# Transformers, what can they do?

https://huggingface.co/learn/nlp-course/chapter1/3?fw=pt#transformers-what-can-they-do

The most basic object in the Hugging Face Transformers library is the pipeline() function. It connects a model with its necessary preprocessing and postprocessing steps, allowing us to directly input any text and get an intelligible answer:

Some of the currently available pipelines are:

- feature-extraction (get the vector representation of a text)
- fill-mask
- ner (named entity recognition)
- question-answering
- sentiment-analysis
- summarization
- text-generation
- translation
- zero-shot-classification

Some examples of using a pipeline:

#### Sentiment analysis

In [5]:
# simple usage with one input sequence
from transformers import pipeline

classifier = pipeline("sentiment-analysis")
classifier("I've been waiting for a HuggingFace course my whole life.")

No model was supplied, defaulted to distilbert/distilbert-base-uncased-finetuned-sst-2-english and revision af0f99b (https://huggingface.co/distilbert/distilbert-base-uncased-finetuned-sst-2-english).
Using a pipeline without specifying a model name and revision in production is not recommended.


[{'label': 'POSITIVE', 'score': 0.9598049521446228}]

In [32]:
# simple usage with one input sequence given by the user
from transformers import pipeline
classifier = pipeline("sentiment-analysis")
text = input("Type the desired sentence for the sentiment analysis:")
classifier(text)

No model was supplied, defaulted to distilbert/distilbert-base-uncased-finetuned-sst-2-english and revision af0f99b (https://huggingface.co/distilbert/distilbert-base-uncased-finetuned-sst-2-english).
Using a pipeline without specifying a model name and revision in production is not recommended.


Type the desired sentence for the sentiment analysis: The fish in my tank are swimming from left to right all the time.
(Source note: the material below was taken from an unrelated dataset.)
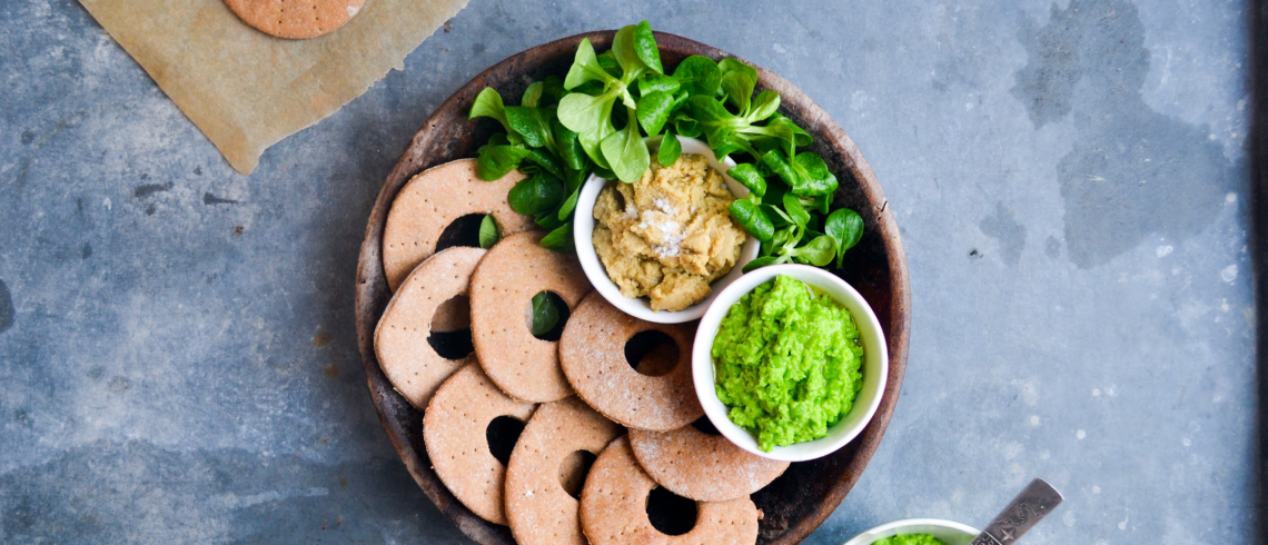 - Læg knækbrødene på en bageplade beklædt med bagepapir, prik huller i knækbrødene med en gaffel og bag dem i ca. 12 minutter.

[{'label': 'NEGATIVE', 'score': 0.9445313811302185}]

In [49]:
# A bit more elaborate: specifying the model/checkpoint, using a list of sequences as input and outputting to a pandas dataframe.
# Note: we have to use padding=True now, because the model can only work with tensors of same size.
# Note: truncation=True is not necessary, as long as the sequences are shorter than the model's max sequence length.
from transformers import pipeline
import pandas as pd

classifier = pipeline(model="distilbert-base-uncased-finetuned-sst-2-english", task="sentiment-analysis", padding=True, truncation=True)
text = ["I love pizza!", "My mom is the best!", "Getting old is nothing for beginners!"]
outputs = classifier(text)
result = pd.DataFrame(outputs)  # create a dataframe from the models output
result.insert(0, 'sequence', text)  # adding the input texts as first column to the dataframe
result

Unnamed: 0,sequence,label,score
0,I love pizza!,POSITIVE,0.999813
1,My mom is the best!,POSITIVE,0.999877
2,Getting old is nothing for beginners!,NEGATIVE,0.999535